Но вот что касается ницшевской критики рациональности, то она явно избыточна, и, может быть, такой и была задумана. Зато у нее есть бесценное преимущество — Ницше впервые в истории принципиально систематически и осознанно применяет в ней прием, который сам называет исследованием «психологии философов». Это поиск бессознательных мотивов морализирующего и философствующего разума, его методов (логики) и понятий[7]. И важнее всего тут, пожалуй, глубочайшая интуиция, ухватывающая существенную в психологическом отношении черту логики: «К уразумению того, что такое логика: воля к тождеству есть воля к власти. — Вера в то, что вещь — такая-то и такая-то, а эта вера — самая суть суждения, есть следствие желания, чтобы непременно было как можно больше тождественного» (KSA, 12, 2 [90]). (Воля к власти тут — «перспективистская иллюзия» нисходящей жизни, а не воля к власти вообще.) Ведь воля к тождеству, к уравниванию — это, если она не балансируется другой, противоположной волей, есть воля к энтропии, к устранению дистанций и иерархии, ведущему к растворению личностного начала психики в коллективном.
Это подлинное открытие, открытие первостепенного значения, которое могло бы перевернуть все европейское отношение к самым корням логического разума, то есть, по сути дела, всю европейскую матрицу, если бы только какое-нибудь открытие вообще было способно воздействовать на нее, уже давно и окончательно замкнувшуюся в себе (см. 5-й уровень этой лестницы)[8]. Зафиксированное здесь положение дел Ницше экстраполирует и на истину вообще, на волю к истине и к ее инструменту — доказательству, которое считает «мерилом пользы в интересах большинства», и, что самое главное, на порожденные логическим разумом критерии реальности. Сделав это, он открывает и в общих чертах описывает явление бессознательной психической проекции— именно оно, по его мнению, внушает разуму ложный критерий реальности, критерий, предполагающий, что внешний мир есть объект, воздействующий на нас (а ведь такое положение дел, говорит он, — только наша интерпретация собственных проекций, только определенная и притом ложная перспектива).

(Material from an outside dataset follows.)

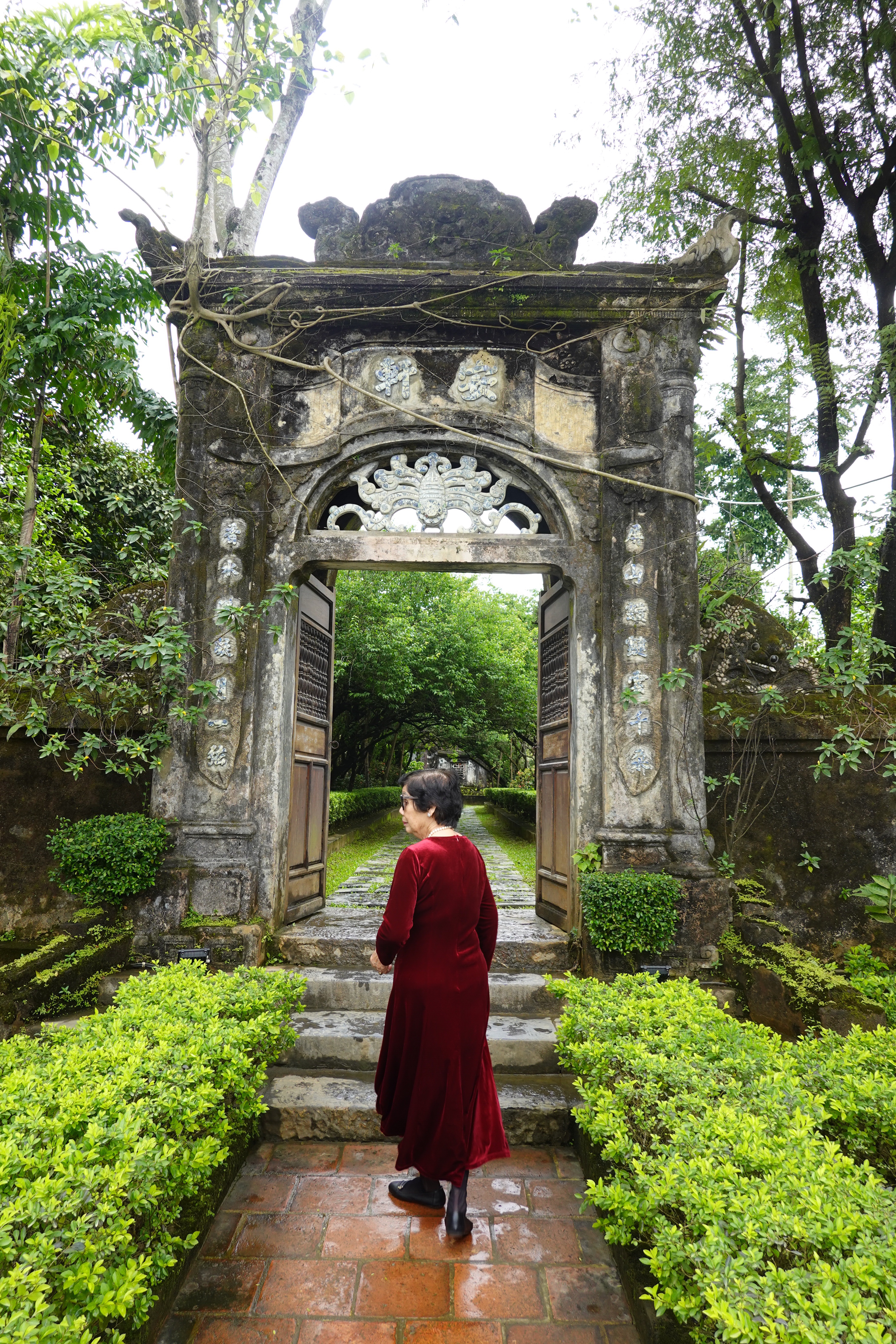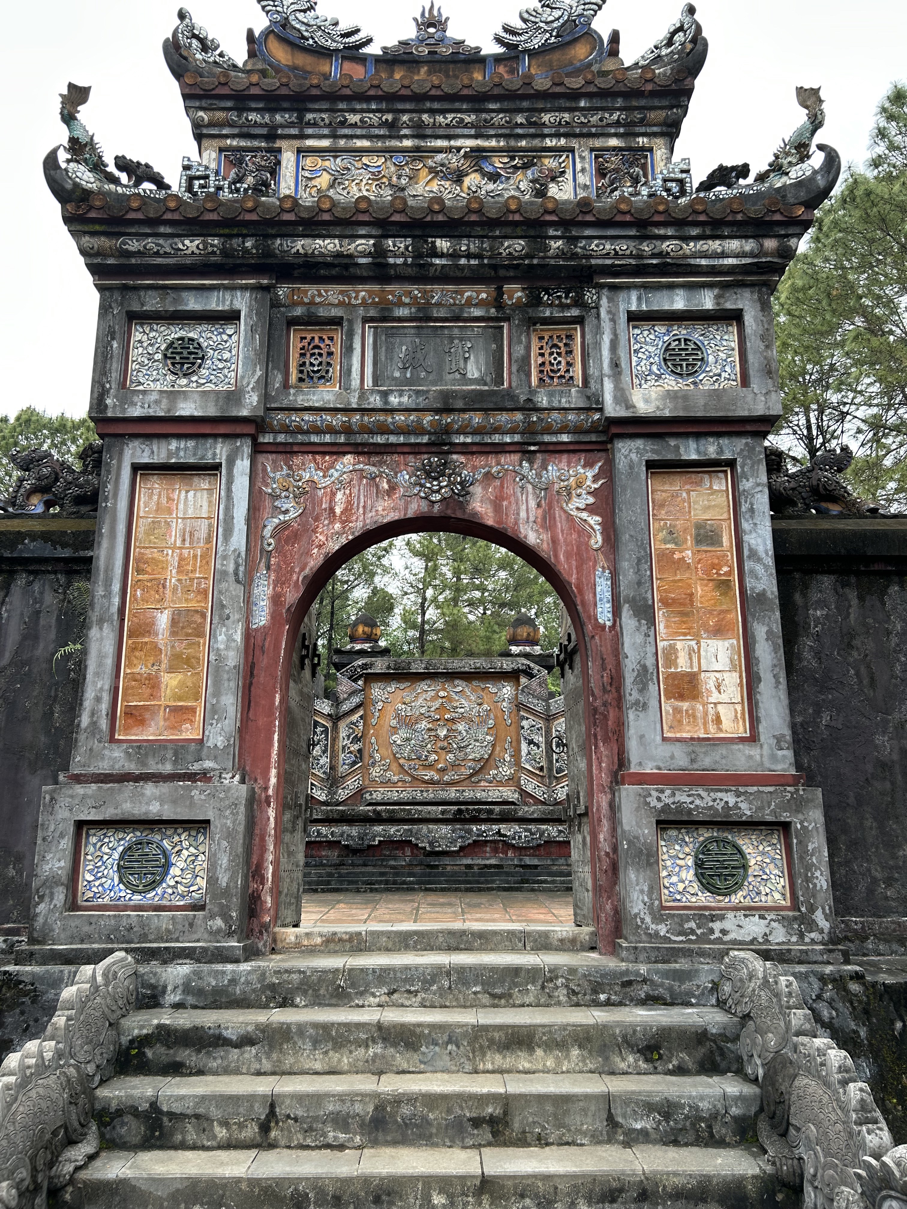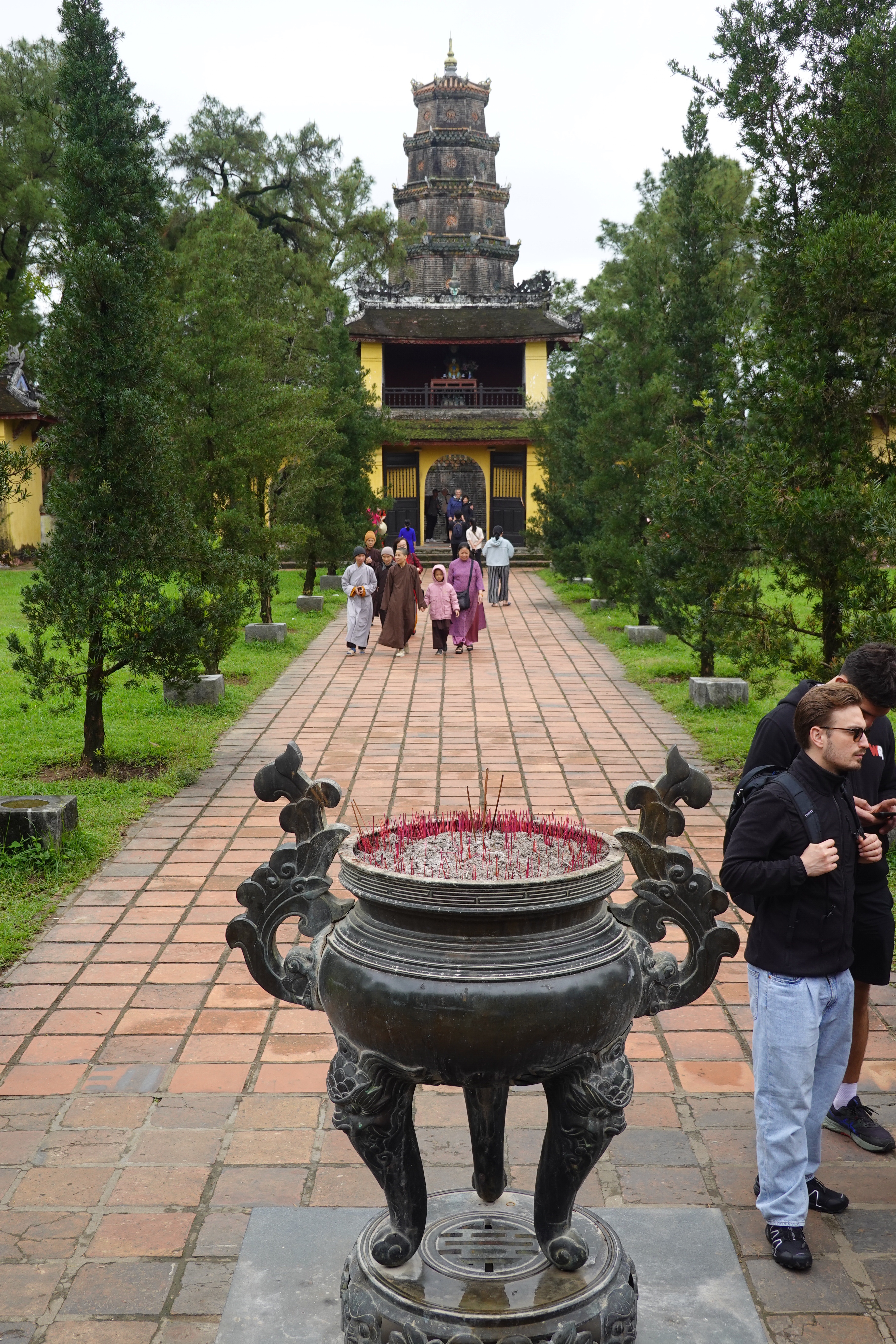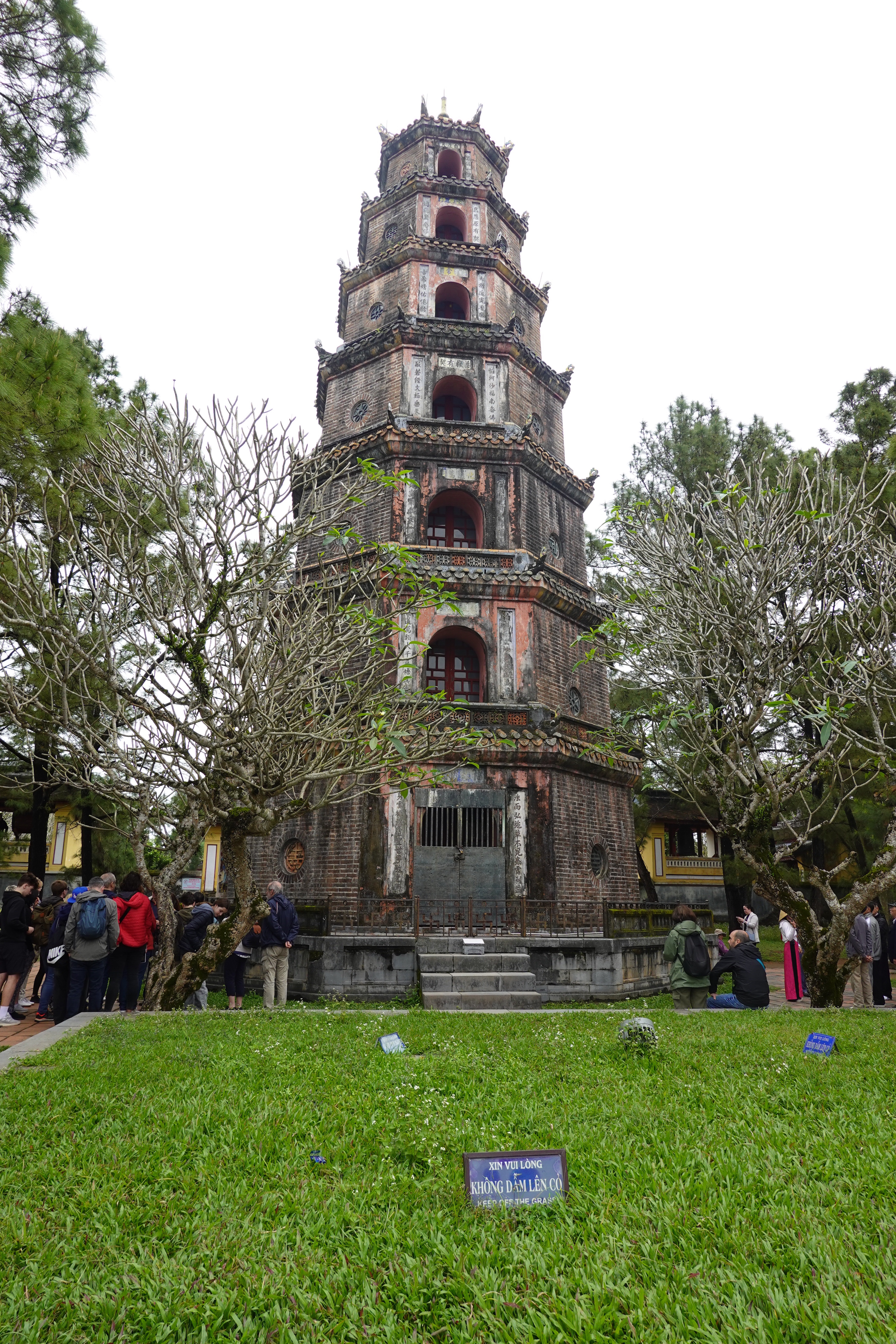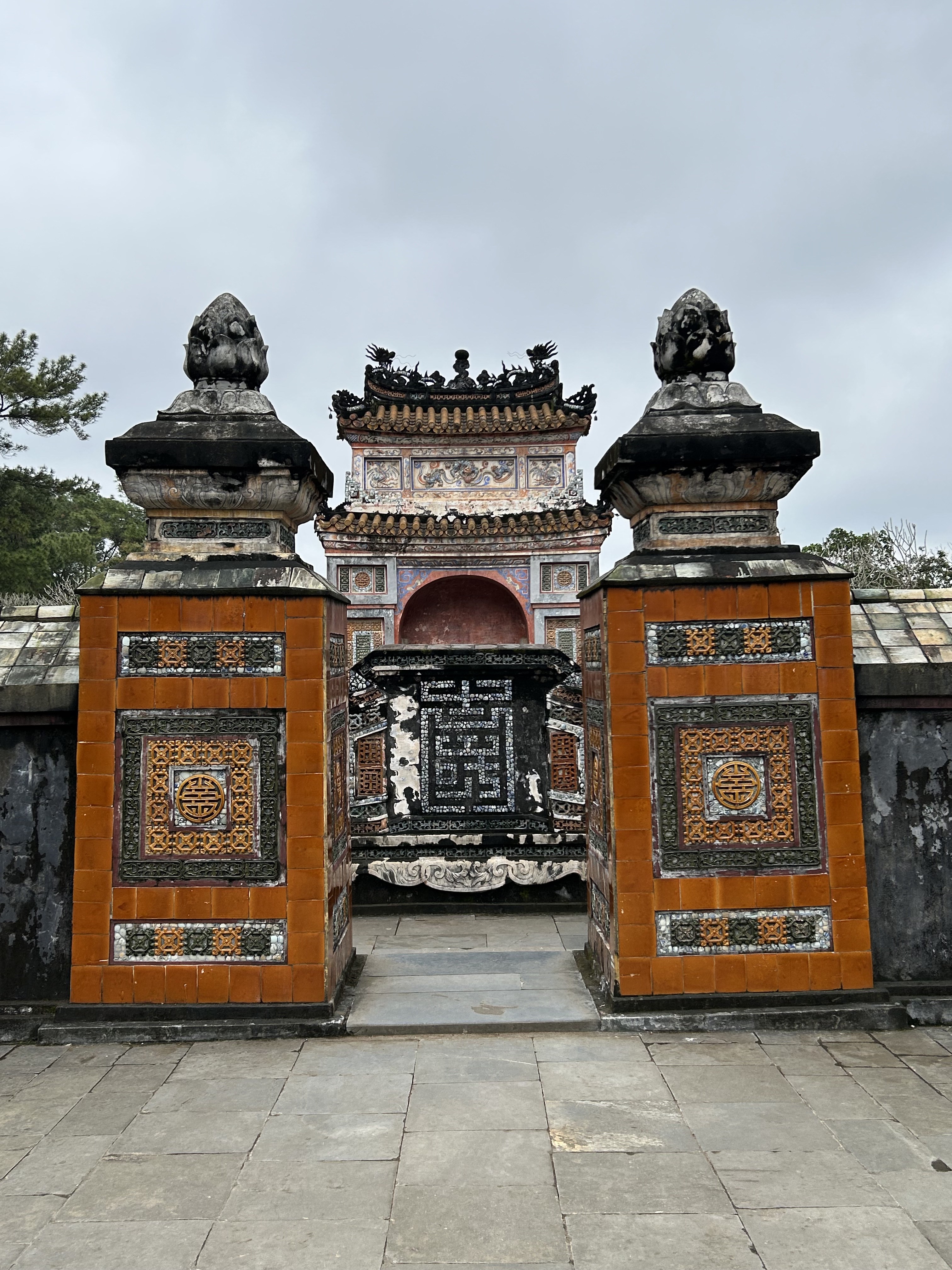 AnyHué. These kings managed to create some very cool things in between taxing the population, mingling with the 100 or so concubines that each kept on the side to go with their several wives, and doing whatever the French told them to do. We visited a beautiful airy house built for a princess, with a feng shui inspired pond in front, which the princess sold to a mandarin only a year later. We spent a lot of time in the Imperial City, a large walled and moated imperial space set inside a much larger walled and moated precinct with 10 kilometres of perimeter walls, with the larger precinct full of houses and streets and stores but with the smaller space preserved for what remains of the kings’ residence and offices and ceremonial buildings after American bombs blew most of it up in 1968. And we went to the outskirts of Hué to see an early king’s summer palace and to see his tomb and those of his wife and one of who his adoptive sons who lasted only 7 months on the throne and so did not have time enough to build himself a tomb on his own property. And in between all that we went to a very old pagoda with a 7 storey tower (we have been schooled repeatedly on the fact that “pagoda” refers to the entire temple complex, and not to the tower, which is referred to as the tower) and with a small number of monks still in residence.

Отсюда наш мыслитель выводит, что до сих пор «все способы понимания вещей были ложными» (KSA, 12, 5 [19]). А раз так, то отменяется все то, что основано на этих «способах понимания», — фундаментальные инстинктивные представления, общие[9]для философского и обыденного матричного разума. Отменяются (разумеется, пока на пробу и в педагогических целях): причина и следствие, смысл и цель, субъект и объект, отменяется само «я» вместе с душой. Разум, который держится на этих незыблемых опорах, тоже, по замыслу Ницше, рушится, а с ним и все то, что на нем основано — рациональная догматическая часть религии и морали, философия как их фундамент и даже сама наука (теперь, когда он оставил свою позитивистскую позу прежних лет), «в том смысле, в каком она существует сегодня» (то есть, если я правильно понимаю Ницше, наука, служащая на благо матрицы, потому что уже сама возможность такой науки «доказывает‚ что все стихийные инстинкты жизни‚ инстинкты самообороны‚ защиты— больше не работают» (KSA, 13, 14 [226]).